• _Try it_
Word for word, set down the records and skip each picture.

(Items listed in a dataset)

────

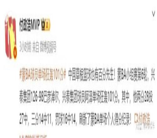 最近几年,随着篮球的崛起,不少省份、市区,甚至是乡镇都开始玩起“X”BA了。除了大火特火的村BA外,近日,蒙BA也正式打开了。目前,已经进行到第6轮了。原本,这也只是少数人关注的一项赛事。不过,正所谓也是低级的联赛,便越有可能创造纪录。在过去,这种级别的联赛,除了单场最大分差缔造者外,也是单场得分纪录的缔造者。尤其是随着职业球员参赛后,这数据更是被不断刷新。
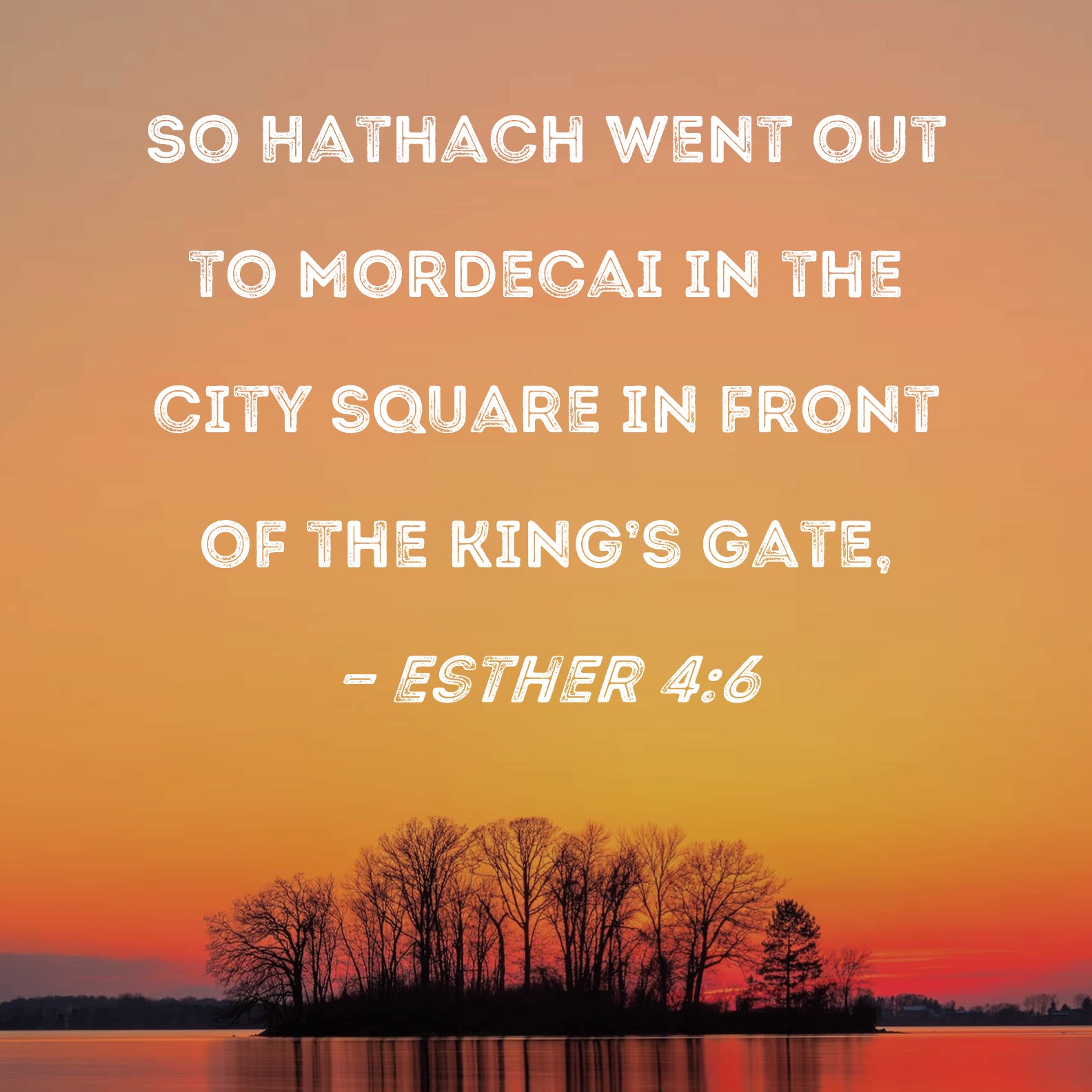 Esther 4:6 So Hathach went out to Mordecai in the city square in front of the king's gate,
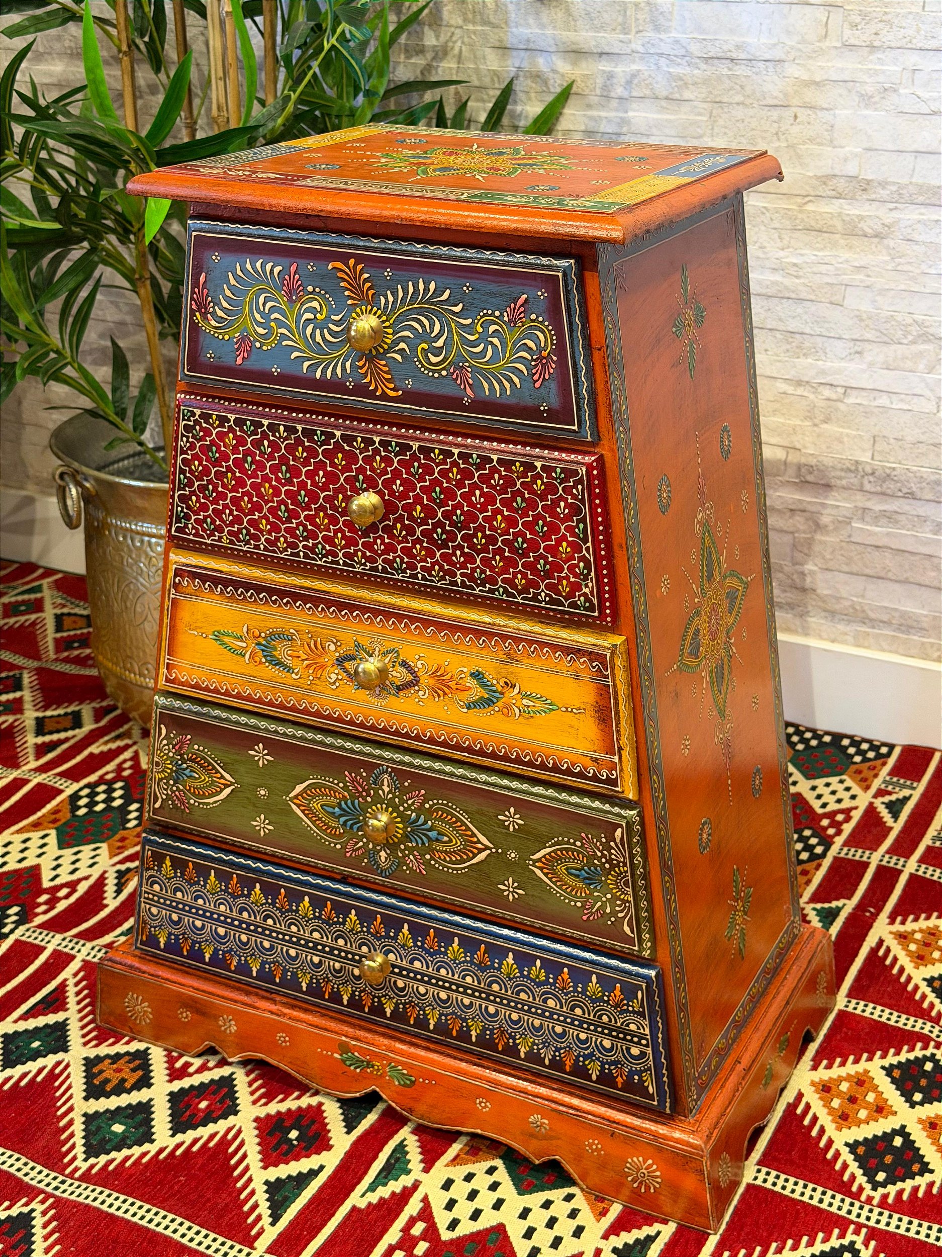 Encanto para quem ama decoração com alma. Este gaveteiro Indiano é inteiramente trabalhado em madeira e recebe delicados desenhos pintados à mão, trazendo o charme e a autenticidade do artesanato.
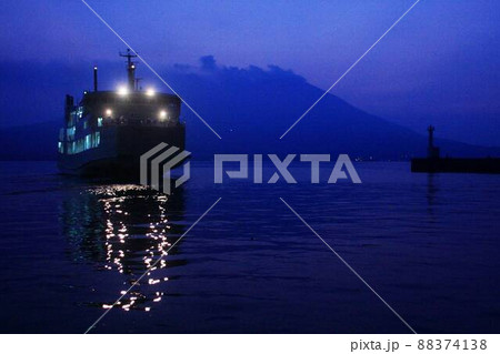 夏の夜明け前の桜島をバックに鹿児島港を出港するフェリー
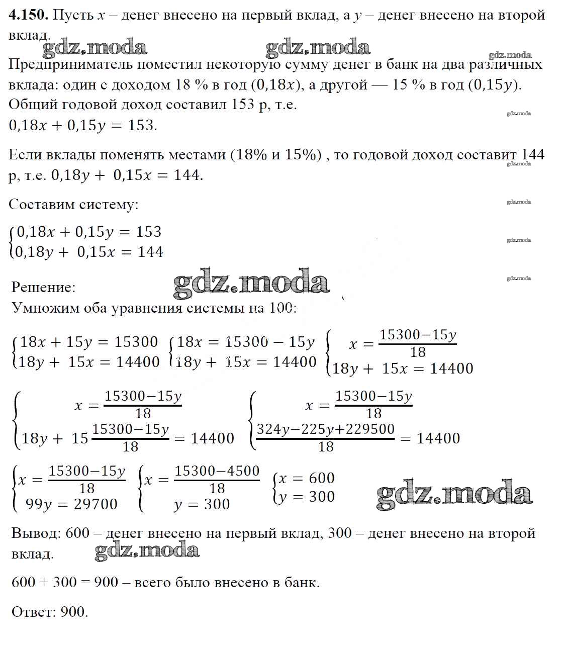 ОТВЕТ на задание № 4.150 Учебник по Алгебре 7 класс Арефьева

────

• _Answer below_
 最近几年,随着篮球的崛起,不少省份、市区,甚至是乡镇都开始玩起“X”BA了。除了大火特火的村BA外,近日,蒙BA也正式打开了。目前,已经进行到第6轮了。原本,这也只是少数人关注的一项赛事。不过,正所谓也是低级的联赛,便越有可能创造纪录。在过去,这种级别的联赛,除了单场最大分差缔造者外,也是单场得分纪录的缔造者。尤其是随着职业球员参赛后,这数据更是被不断刷新。
 Esther 4:6 So Hathach went out to Mordecai in the city square in front of the king's gate,
 Encanto para quem ama decoração com alma. Este gaveteiro Indiano é inteiramente trabalhado em madeira e recebe delicados desenhos pintados à mão, trazendo o charme e a autenticidade do artesanato.
 夏の夜明け前の桜島をバックに鹿児島港を出港するフェリー
 ОТВЕТ на задание № 4.150 Учебник по Алгебре 7 класс Арефьева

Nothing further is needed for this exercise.